アンドロイド・ニューワールドⅡ

…すると。

歩き始めて、五分もしない頃。

奏さんは、何故だかそわそわと、落ち着きのない様子で、身を捩っていました。

…大丈夫でしょうか?

「奏さん、どうかされました?」

「あ、うん…。いや、その…。瑠璃華さん…」

「はい?」

と、私は首を傾げました。

「俺も、色々考えたんだけど…。クリスマス会だけでも、開いてくれるから良いやって…。イブに会えるんだから…。それだけで充分って思ったんだけど…」

と、奏さんはもごもごと、口ごもりながら言いました。

…何が充分なのでしょう。

「やっぱり、二人きりで会う訳じゃないから…。その…」

「…?」

「クリスマス会とは別に、改めてその、瑠璃華さんと二人きりで会える時間を、作れたら…な…と、おもっ…」

「はい?」

「あ、いやいやいや。

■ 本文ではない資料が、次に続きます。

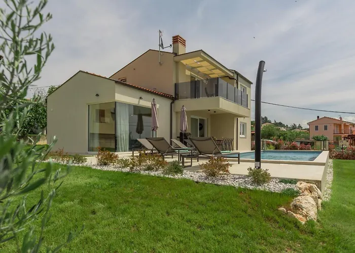 Vila Villa Nika In Markovac - Haus Fuer 6 Personen Višnjan je umístěna 2 km od Lavanda Deklevi, je 3-ložnicové ubytování s terasou. Zahrnuje kompletní kuchyni a 3 koupelen.
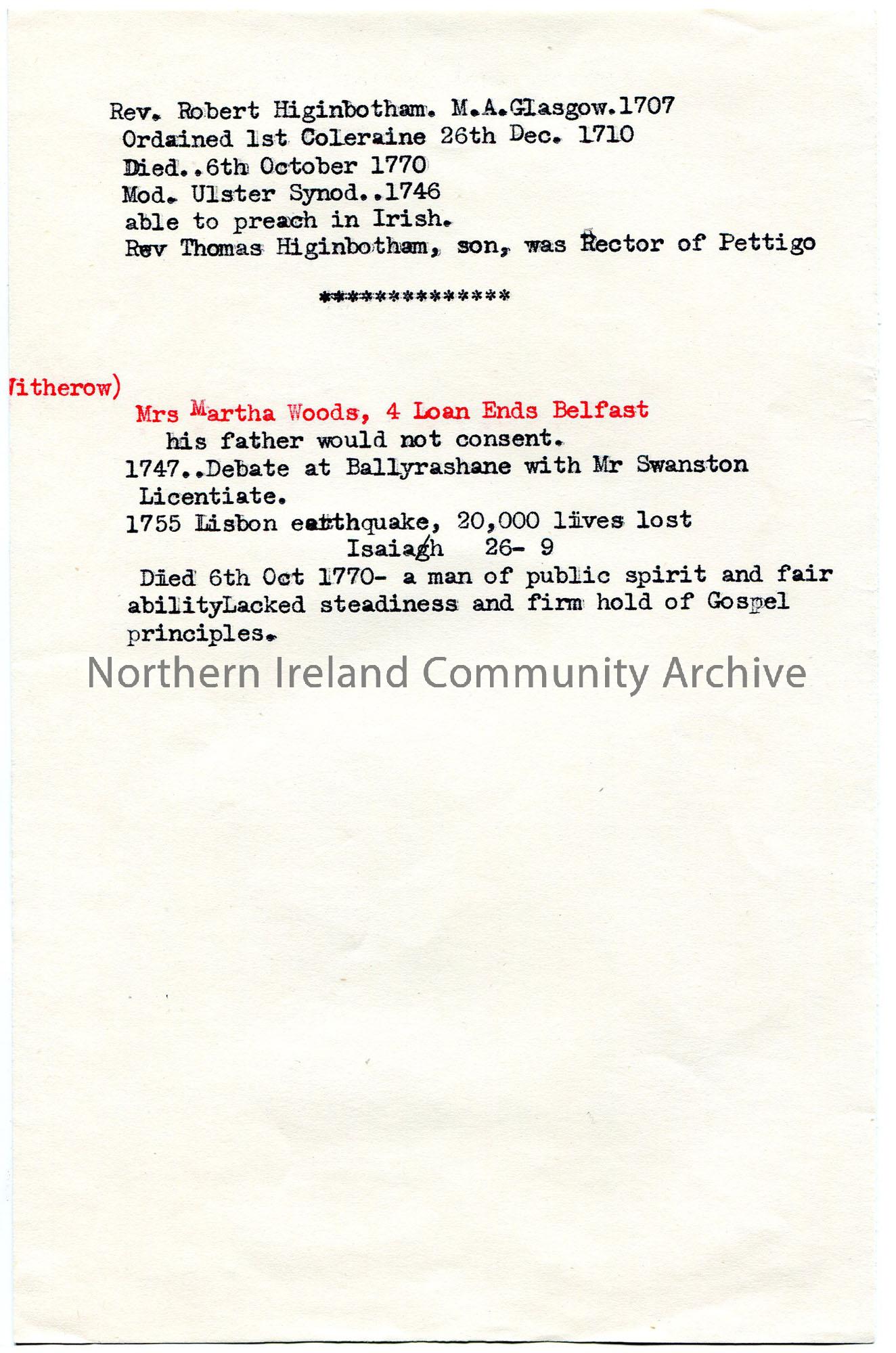 Typed notes re Blair inquiry and genealogical information re Knox family. Mentions Samuel Wright Knox, Rev William Knox and Dr R. Kyle Knox. Also mentions Clonmel, Dunboe, Ballyvennox. Rough notes, not in context, handwritten in pencil on back of page.

何でもない、何でもない!」

と、奏さんは慌てて、手を振りながら言いました。

…どうしたのでしょう。

意味不明なことを言って、おまけに挙動不審です。

人間が「何でもない」と言うときの、およそ九割以上が、本当は何かあるのです。

つまり、奏さんも何かしらの本音を隠している可能性が、非常に高いですね。

「どうしたのですか?…クリスマス会、やはり気が進みませんか?」

と、私は尋ねました。

「い、いやそういう訳じゃないんだよ。クリスマス会は、ちゃんと楽しみにしてたよ」

と、奏さんは相変わらず、慌てた様子で答えました。

何だか、心なしか、奏さんの顔が赤いように見えるのですが。

寒いのでしょうか。

天気も曇っていますからね。きっと寒いのでしょう。

早めに、琥珀さんの家に辿り着いた方が良さそうですね。

「ただその…クリスマス会とは別に、ね…?クリスマスに、二人きりで会えたら…嬉しいと思って…」

と、奏さんはボソボソと呟いていましたが。

私の頭の中は、早く琥珀さんのご自宅に辿り着くことでいっぱいでした。

よって、奏さんが呟いている言葉を、まともに聞いてはいませんでした。

「分かりました、奏さん」

「え、何が?」

「少しでも早く、目的地に到着する為に、奏さんを担いで運搬を、」

「ちょ、何のこと!?俺の話聞いて…いや、運搬はやめて!?」

と、奏さんは叫びました。

そうですか。やはり運搬は断りますか。

奏さんは、いつもそうですね。

では。

「分かりました。では最短ルートを検索しますので、その道を通って行きましょう。大丈夫です、あと10分足らずで到着予定ですから」

「あ、うん…。そっか、ありがとう…」

と、奏さんは言いました。

何だか上の空のように見えるのですが、私の気のせいでしょう。